**Data extract:**
━━━━━━
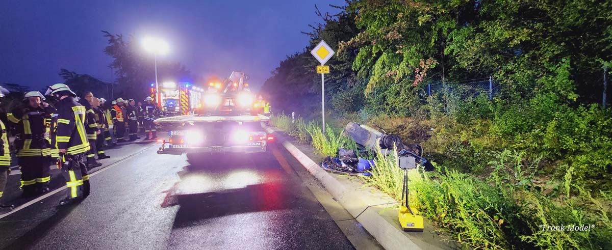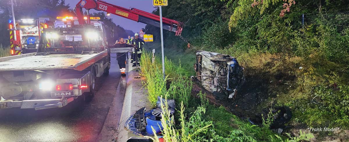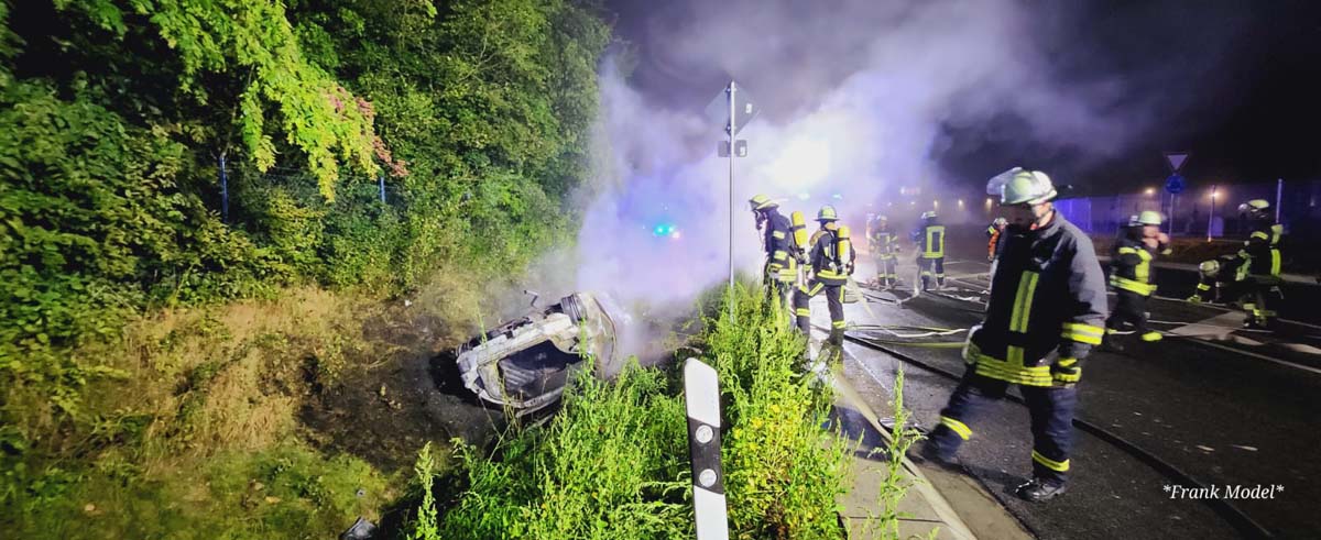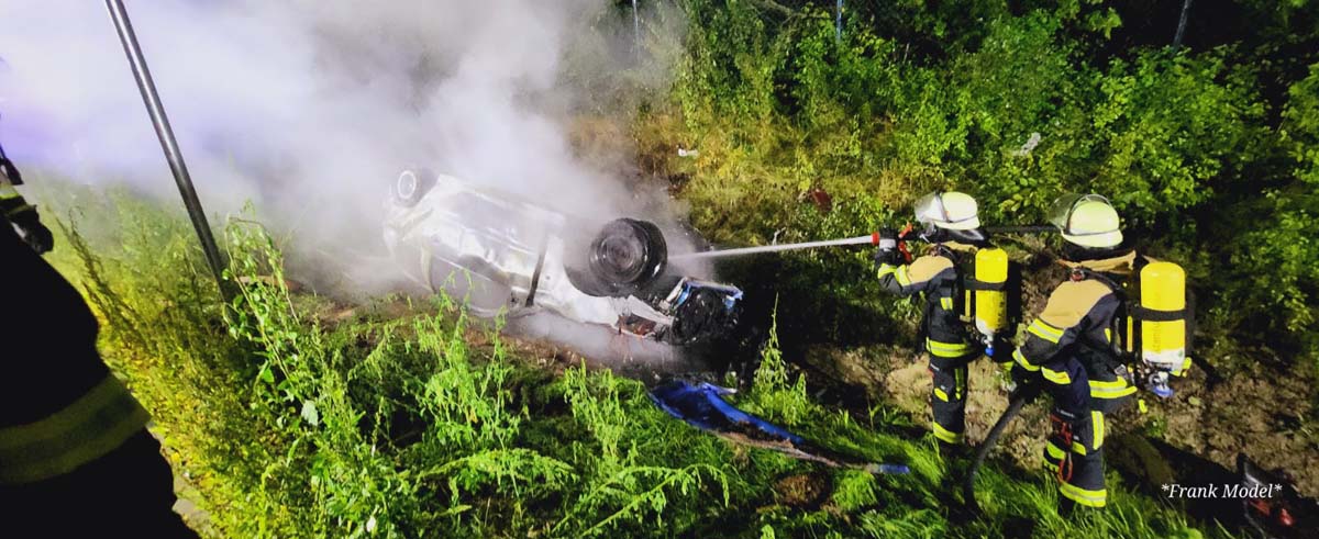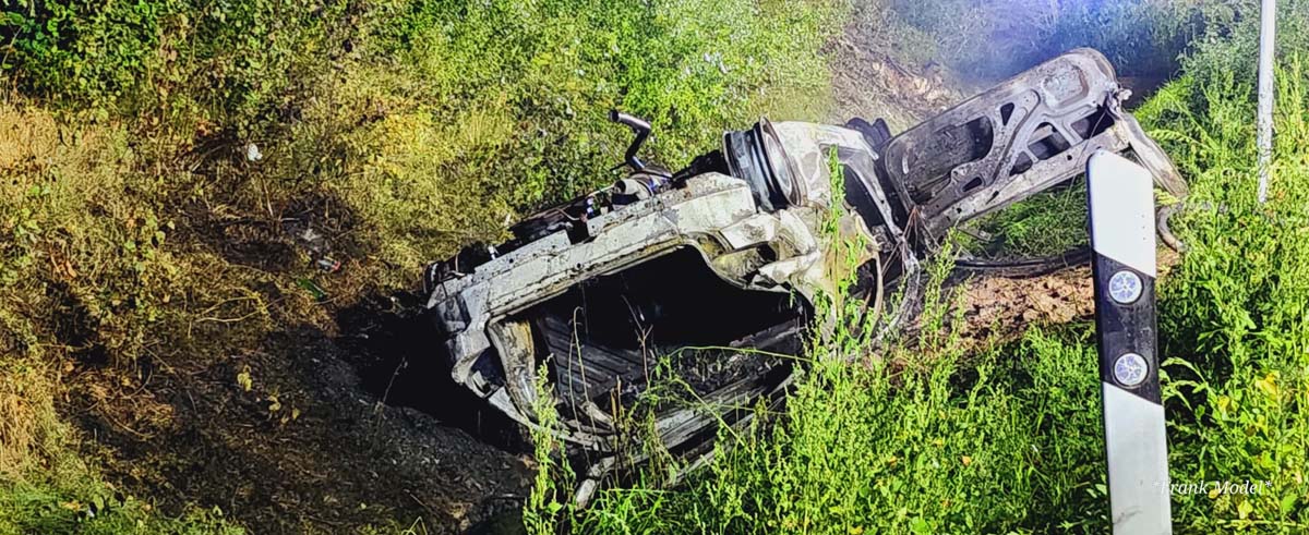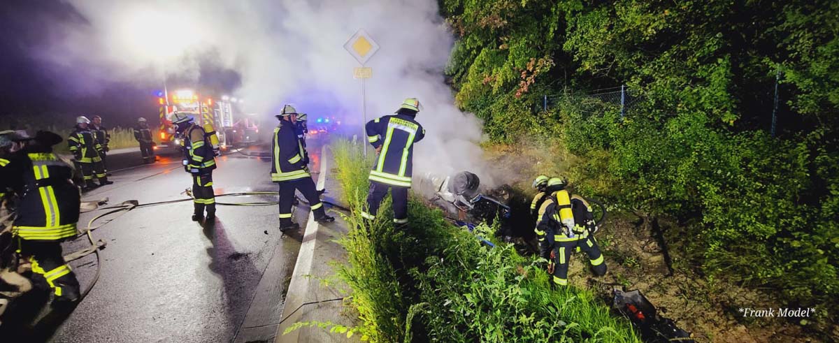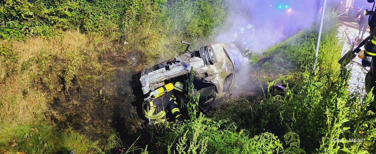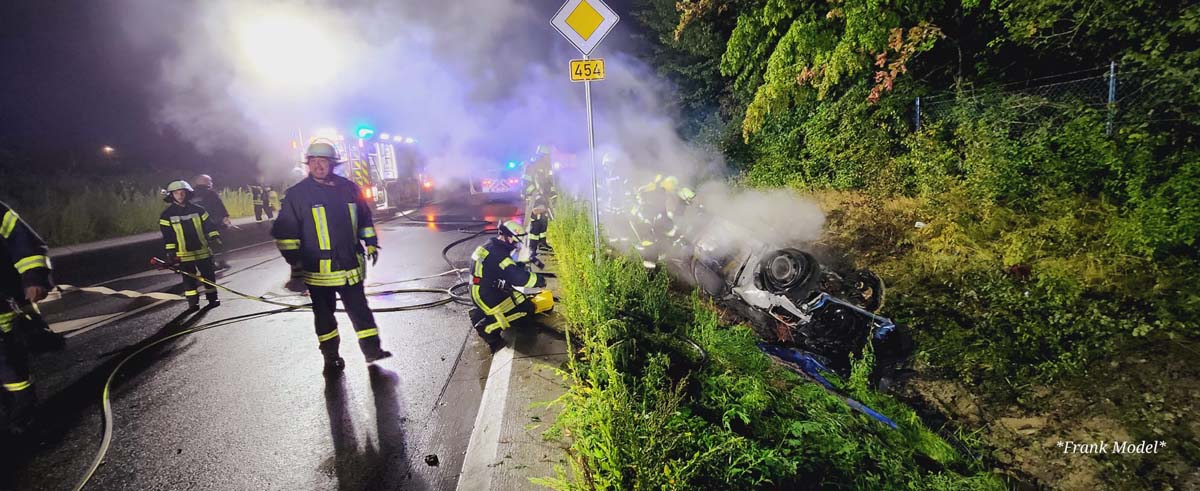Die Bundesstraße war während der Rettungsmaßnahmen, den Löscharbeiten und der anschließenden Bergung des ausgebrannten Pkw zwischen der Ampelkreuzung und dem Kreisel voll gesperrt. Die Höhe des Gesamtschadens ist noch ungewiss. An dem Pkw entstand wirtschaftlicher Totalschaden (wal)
━━━━━━
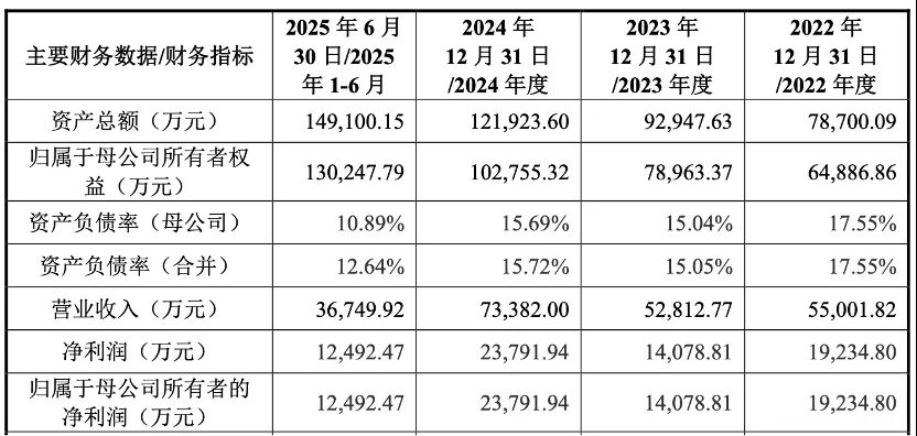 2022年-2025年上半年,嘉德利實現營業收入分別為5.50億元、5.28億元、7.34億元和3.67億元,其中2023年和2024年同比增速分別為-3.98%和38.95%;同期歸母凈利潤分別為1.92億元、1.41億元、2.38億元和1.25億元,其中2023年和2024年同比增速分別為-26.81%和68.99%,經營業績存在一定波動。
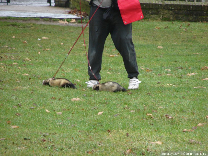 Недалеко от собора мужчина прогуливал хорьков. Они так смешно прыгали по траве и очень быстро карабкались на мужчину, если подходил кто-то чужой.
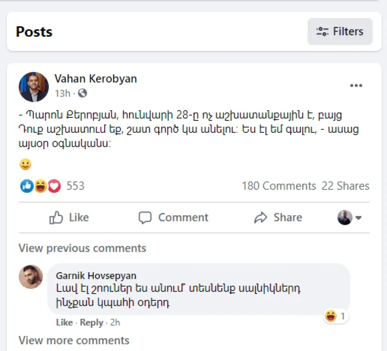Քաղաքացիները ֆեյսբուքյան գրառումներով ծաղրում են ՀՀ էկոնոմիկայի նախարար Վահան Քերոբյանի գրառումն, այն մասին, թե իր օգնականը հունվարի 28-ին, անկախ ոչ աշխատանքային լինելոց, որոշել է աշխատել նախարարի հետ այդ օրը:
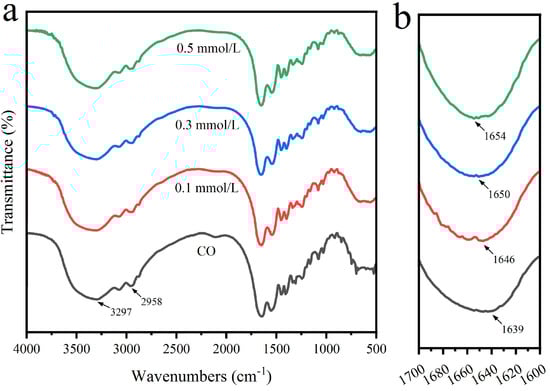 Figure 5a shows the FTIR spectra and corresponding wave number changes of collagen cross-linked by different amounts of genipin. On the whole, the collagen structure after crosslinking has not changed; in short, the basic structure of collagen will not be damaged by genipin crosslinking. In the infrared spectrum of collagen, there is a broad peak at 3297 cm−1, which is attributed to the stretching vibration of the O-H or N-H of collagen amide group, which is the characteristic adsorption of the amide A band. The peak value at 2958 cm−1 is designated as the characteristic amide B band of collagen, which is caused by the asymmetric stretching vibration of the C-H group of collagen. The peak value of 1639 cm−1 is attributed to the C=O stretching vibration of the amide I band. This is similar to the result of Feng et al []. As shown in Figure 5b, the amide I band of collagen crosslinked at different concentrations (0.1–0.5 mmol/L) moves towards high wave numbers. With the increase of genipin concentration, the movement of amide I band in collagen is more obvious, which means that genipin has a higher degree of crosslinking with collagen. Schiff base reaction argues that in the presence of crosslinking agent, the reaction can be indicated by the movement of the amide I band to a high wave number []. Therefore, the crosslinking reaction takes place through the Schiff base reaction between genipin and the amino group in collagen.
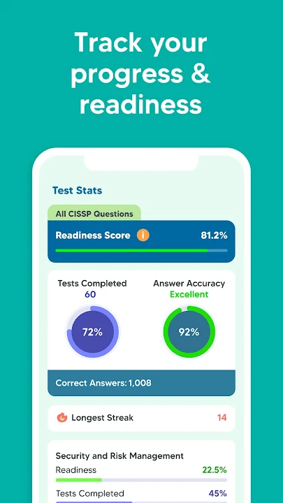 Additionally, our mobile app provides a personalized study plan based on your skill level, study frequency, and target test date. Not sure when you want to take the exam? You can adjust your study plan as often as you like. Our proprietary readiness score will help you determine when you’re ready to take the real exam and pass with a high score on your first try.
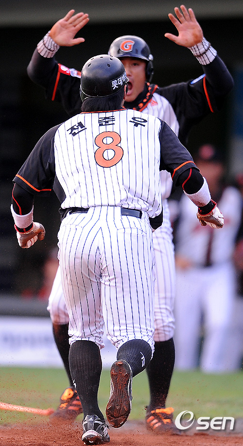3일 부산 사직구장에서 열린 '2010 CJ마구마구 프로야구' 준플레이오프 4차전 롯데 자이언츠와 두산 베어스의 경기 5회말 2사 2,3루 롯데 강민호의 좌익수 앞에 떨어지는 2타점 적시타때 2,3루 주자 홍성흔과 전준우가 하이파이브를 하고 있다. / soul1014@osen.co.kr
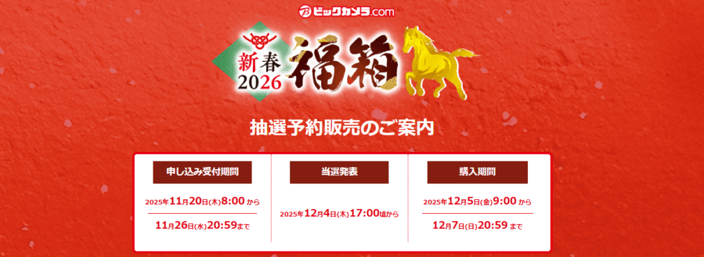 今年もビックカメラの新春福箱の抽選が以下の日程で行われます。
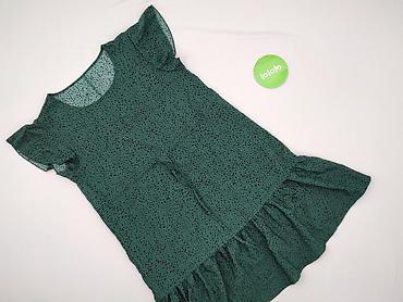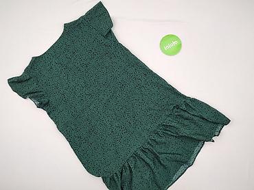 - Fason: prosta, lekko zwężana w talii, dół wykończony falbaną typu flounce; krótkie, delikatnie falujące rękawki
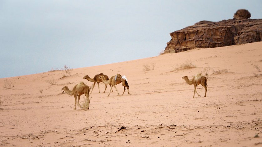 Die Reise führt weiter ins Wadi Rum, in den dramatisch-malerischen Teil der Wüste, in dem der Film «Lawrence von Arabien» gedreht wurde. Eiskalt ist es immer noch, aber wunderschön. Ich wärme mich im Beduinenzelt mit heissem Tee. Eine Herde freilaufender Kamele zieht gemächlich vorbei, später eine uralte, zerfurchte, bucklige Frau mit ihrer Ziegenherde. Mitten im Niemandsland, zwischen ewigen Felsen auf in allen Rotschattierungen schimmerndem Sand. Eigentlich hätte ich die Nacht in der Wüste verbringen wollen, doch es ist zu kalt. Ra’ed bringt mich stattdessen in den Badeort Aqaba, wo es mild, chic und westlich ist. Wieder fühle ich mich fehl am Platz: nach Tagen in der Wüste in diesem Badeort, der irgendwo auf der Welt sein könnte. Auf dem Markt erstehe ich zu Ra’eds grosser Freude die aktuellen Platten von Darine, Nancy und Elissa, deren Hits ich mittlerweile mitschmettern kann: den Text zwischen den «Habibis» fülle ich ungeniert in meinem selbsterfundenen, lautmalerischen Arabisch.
━━━━━━
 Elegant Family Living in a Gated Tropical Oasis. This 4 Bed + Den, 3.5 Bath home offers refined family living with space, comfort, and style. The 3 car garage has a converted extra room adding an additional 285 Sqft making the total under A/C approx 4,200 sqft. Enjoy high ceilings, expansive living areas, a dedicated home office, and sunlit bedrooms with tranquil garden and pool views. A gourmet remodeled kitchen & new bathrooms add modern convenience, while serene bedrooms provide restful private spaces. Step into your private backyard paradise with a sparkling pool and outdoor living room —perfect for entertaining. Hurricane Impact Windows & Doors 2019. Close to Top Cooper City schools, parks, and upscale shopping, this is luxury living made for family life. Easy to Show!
━━━━━━
**What you need to do:** Give again the stretch of the entries above that begins at the line with "今年もビックカメラの新春福箱の抽選が以下の日程で行われます。" and ends at the line with "Die Reise führt", word for word, with no pictures.

**Answer to this exercise:**
 今年もビックカメラの新春福箱の抽選が以下の日程で行われます。
 - Fason: prosta, lekko zwężana w talii, dół wykończony falbaną typu flounce; krótkie, delikatnie falujące rękawki
 Die Reise führt weiter ins Wadi Rum, in den dramatisch-malerischen Teil der Wüste, in dem der Film «Lawrence von Arabien» gedreht wurde. Eiskalt ist es immer noch, aber wunderschön. Ich wärme mich im Beduinenzelt mit heissem Tee. Eine Herde freilaufender Kamele zieht gemächlich vorbei, später eine uralte, zerfurchte, bucklige Frau mit ihrer Ziegenherde. Mitten im Niemandsland, zwischen ewigen Felsen auf in allen Rotschattierungen schimmerndem Sand. Eigentlich hätte ich die Nacht in der Wüste verbringen wollen, doch es ist zu kalt. Ra’ed bringt mich stattdessen in den Badeort Aqaba, wo es mild, chic und westlich ist. Wieder fühle ich mich fehl am Platz: nach Tagen in der Wüste in diesem Badeort, der irgendwo auf der Welt sein könnte. Auf dem Markt erstehe ich zu Ra’eds grosser Freude die aktuellen Platten von Darine, Nancy und Elissa, deren Hits ich mittlerweile mitschmettern kann: den Text zwischen den «Habibis» fülle ich ungeniert in meinem selbsterfundenen, lautmalerischen Arabisch.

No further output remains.